画期的な戦略を立て出席率を向上させることに成功したプロジェクトにメキシコのProgresaがあります。これは、子供を学校に通わせる、健康診断を受けさせるなど様々な条件を基に低所得者に現金を給付するというものでした。この政策により、就学者の増加、児童労働の減少、幼児の発育不良の減少などが確認されました。(Shultz 2004; Attanassio 2011)
ケニアで実施されたプロジェクトでは、教育と健康問題を結び付けて考えました。このプロジェクトでは、学校レベルで虫下しの薬を提供し、その効果を確認しました。プロジェクト評価では、虫下しを実施した学校の学生の欠席率は1/4下がりましたが、それだけでなく処置群の学校でも欠席率が下がるという波及効果が確認されました。(Miguel and Kremer 2004)
実際の物ではなく教育の収益率に関する情報提供に関するプロジェクトもあります。マダガスカルで実施されたプロジェクトは、処置群に学歴と年収のデータを用いて算出された教育の収益率を知らせ、対称群にはその情報を知らせないというものでした。この実験により、収益率に関する情報を得たグループではテストの点と出席率が向上しました。特にこのプロジェクトが効果的であったのは、情報を知らせるだけという非常に低コストでありながら、効果が非常に高かったことが挙げられます。(Nguyen 2013)
直近にボツワナで行われた実験は、コロナ禍における教育支援の方法を評価したものでした。コロナによる学校閉鎖が行われる前に、電話での教育相談を受けたいと希望する世帯を3グループに分け、介入を行いました。3グループは、電話での支援、テキストメッセージでの支援、そして支援なしのいずれかに割り当てられました。その結果、テキストまたは電話での支援があったグループは、支援なしに比べ24%の学習向上がみられたことが分かりました。(Angrist他 2020)
この他にも教育現場で実施されている比較実験は多数あり、政策の有効性や効果がはっきりと数値で示されています。このような実験を通し、どのような政策がより有効で、効果が高いのか確認しながら実施していくことが、今後開発プロジェクトはより重要となってくると思われます。
References
- Schultz TP. School Subsidies for the Poor: Evaluating the Mexican Progresa Poverty Program, Journal of Development Economics, 2004, vol.74 (pg. 199-250)
- Attanasio, Orazio, Costas Meghir, and Ana Santiago. 2011. “Education Choices in Mexico: Using a Structural Model and a Randomized Experiment to Evaluate PROGRESA.” The Review of Economic Studies. 79(1): 37-66.

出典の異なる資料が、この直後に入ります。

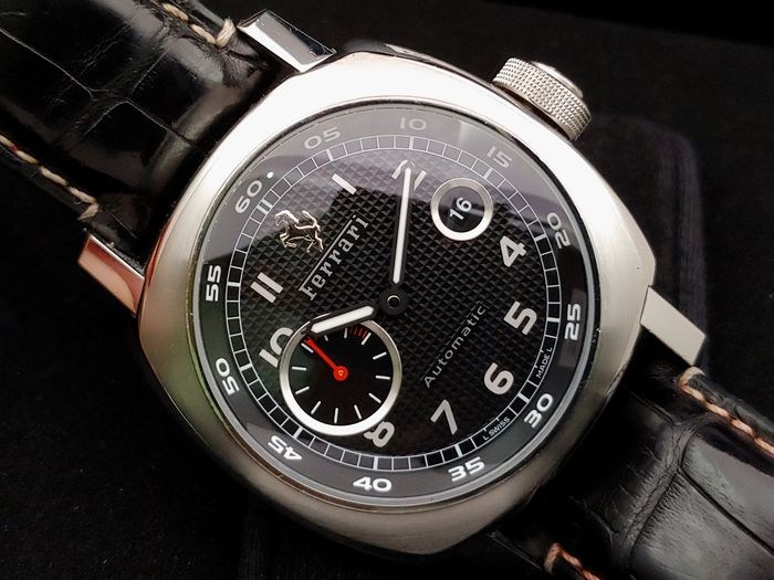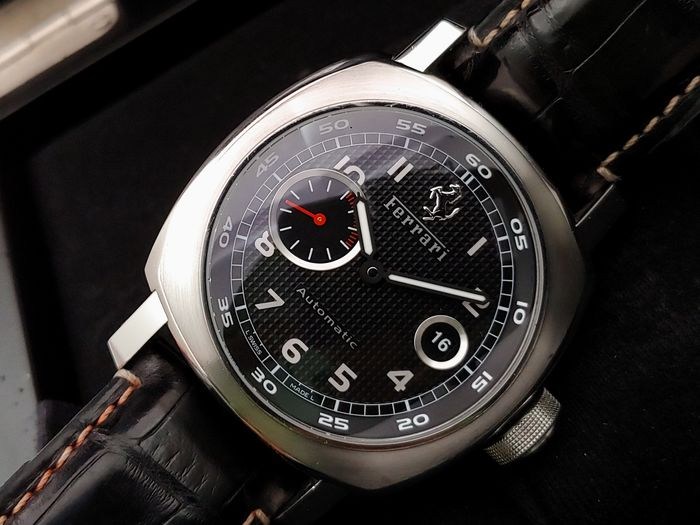 Panerai horloge, model: Ferrari Gran Turismo, referentie: F6654, gemaakt in een beperkte oplage, in goede staat zoals te zien op de foto's, compleet met originele doos en certificaat van de Zwitserse officiƫle chronometercontrole, geen garantiedocumenten.

- Edward Miguel & Michael Kremer, 2004. “Worms: Identifying Impacts on Education and Health in the Presence of Treatment Externalities,” Econometrica, Econometric Society, vol. 72(1), pages 159-217, January.
- Miguel, Edward, and Michael Kremer. 2004. “Worms: Identifying Impacts on Education and Health in the Presence of Treatment Externalities.” Econometrica 72 (1): 159-217.
- Nguyen, T. (2013). Information, Role Models and Perceived Returns to Education Experimental Evidence from Madagascar.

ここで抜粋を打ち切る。